For the 21st century, the rights of man/human is all about the right to be recognised as someone who has a talent that is worth harnessing. That right is not only a moral issue of social justice, but one of economic necessity to create a society based on sustainable livelihood in the model of entrepreneurs such as Richard Branson rather than a culture of welfare dependency and imprisonment.  And if institutions such as Geelong Grammar enable young people to build that livelihood through a curriculum based on positive thinkers such as Seligman – then it’s damn well good enough and essential for the not for profit sector too.  
How to achieve all this was the idea of a TalentS Revolution – which Open Talent allows by not legislating for a set youth offer of particular services or interventions, but by establishing the DNA of innovation and inspiration required to shape and fight for the right ‘talent-building’ offer through an on-going experiential learning journey.
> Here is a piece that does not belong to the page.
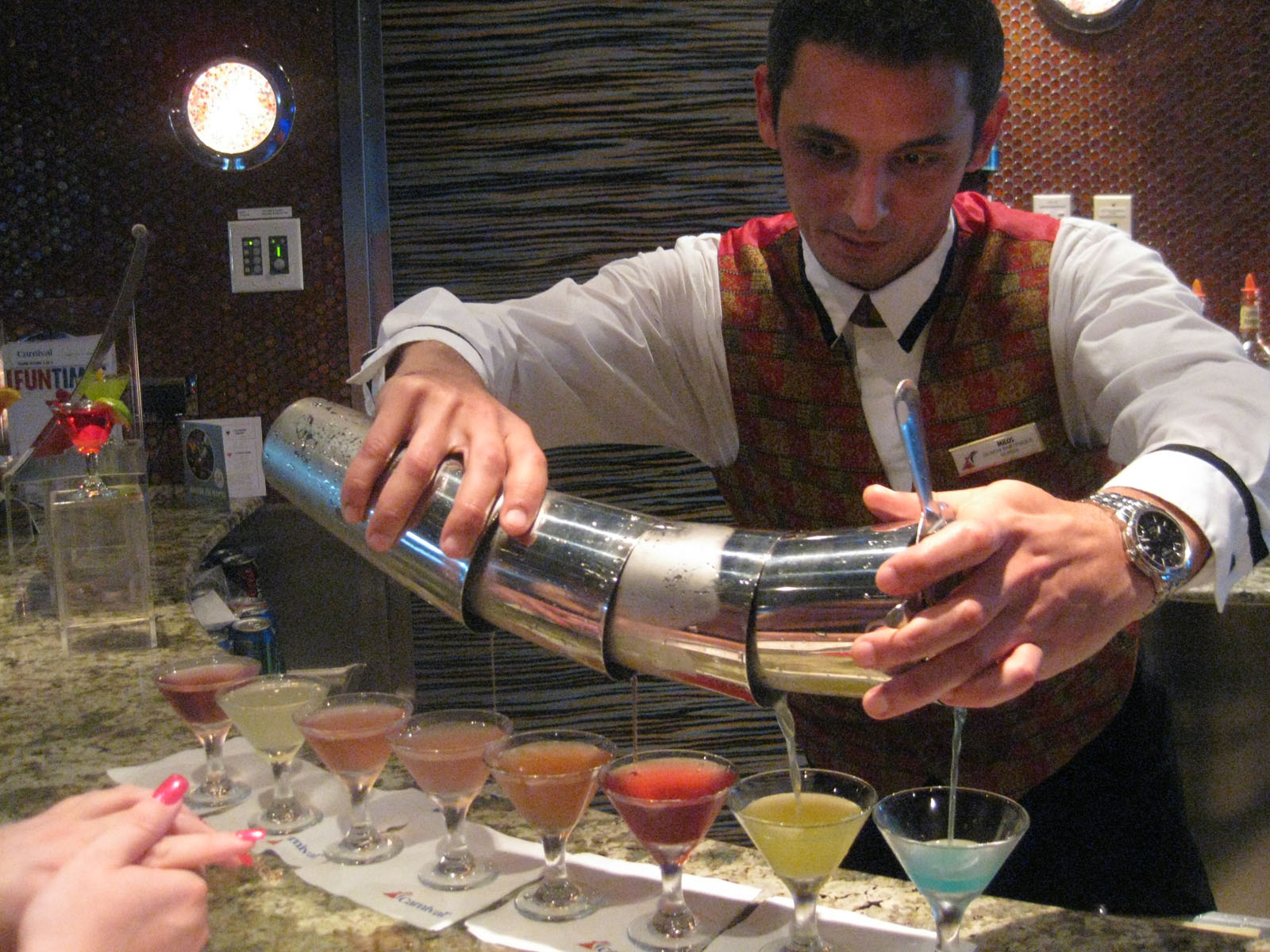 More alcohol! Honestly, neither of us really drink martinis, but this seemed kinda neat anyways and we figured what better way to find out if we like martinis than by drinking eight of them in one sitting?! Our bartender was amazing, as dully noted in the photo below as he pours four different drinks at the same time! They are mini glasses, mind you, and we each had about half of each one, which we figured worked out to about two full-sized drinks a piece, but I myself was still a bit tipsy making my way to the dining room after that! I think my own personal favorites were the Spicy Chipolte, followed by the Sea Blue, which should be numbers 2 & 8 in the picture below…

That DNA (which we call TalentS) is all about making a breakthrough in thinking, challenging the status quo, refusing to accept Disadvantaged Thinking, flipping the sector back to its radical roots.   Part of the revolution is recognising that we need a new focus in social parenting based on developing talents, and a new focus in social care based on developing the assets to thrive.  I finished with what I hoped was taken as a call to arms, reminding the audience that the values of Gerard Tucker, the founder of the Brotherhood of St Laurence running the event, were all here to be had – to advocate for young people’s talents, to fight for the social justice of investment in talent, and to keep innovating at the frontier of knowledge to shape a fresh offer to do that. It's your revolution.

I was helped in my message by the next speaker, the Deputy Secretary for Schools, and Youth, at the Department for Education, Employment and Workplace Relations. It felt like he entered the stage carrying a shovel rather than a speech, and was soon digging himself into the grave of addicted disadvantaged thinking. For once, everyone in the audience knew it. I might present with too much anarchic passion and not enough logical control, but this was like watching a wind up doll at the end of its spring running out of power as well as imagination. 

I had enjoyed the event, was honoured to have been invited to play a part, and learnt alot from some of the other presentations, but as an outsider, it felt to me that the sector had some dangerous obsessions – the fixation on evidence base as a logical mantra without enough questioning of what the evidence base is, how it is gained, what it is used for, and what it prevents; a fixation on the D word of disadvantaged and disengaged, without realising the damage of a ‘youth offer’ that is already limiting aspiration in the easy stereotypes of the adult researchers and policy makers; and a fixation on research and policy without any meaningful representation from young people themselves.  Yet, despite all that, there were some powerful voices in the room, an energy and determination to create and do things that just needs to be allowed to thrive.  I'm constantly inspired by the people in Australia, how quick they are to get things and see through what's not authentic. The conversation outside the lecture hall was full of life.

During the after show meal, sitting next to someone from a philanthropic organisation, I couldn’t help thinking – if only we had control of the money to create the asset  required to set everyone in the room free, what a game changing thrill that would be.  Every revolution needs its Bastille moment; it's really not too far away.  We're already walking through red lights, waving our hearts and ready to go.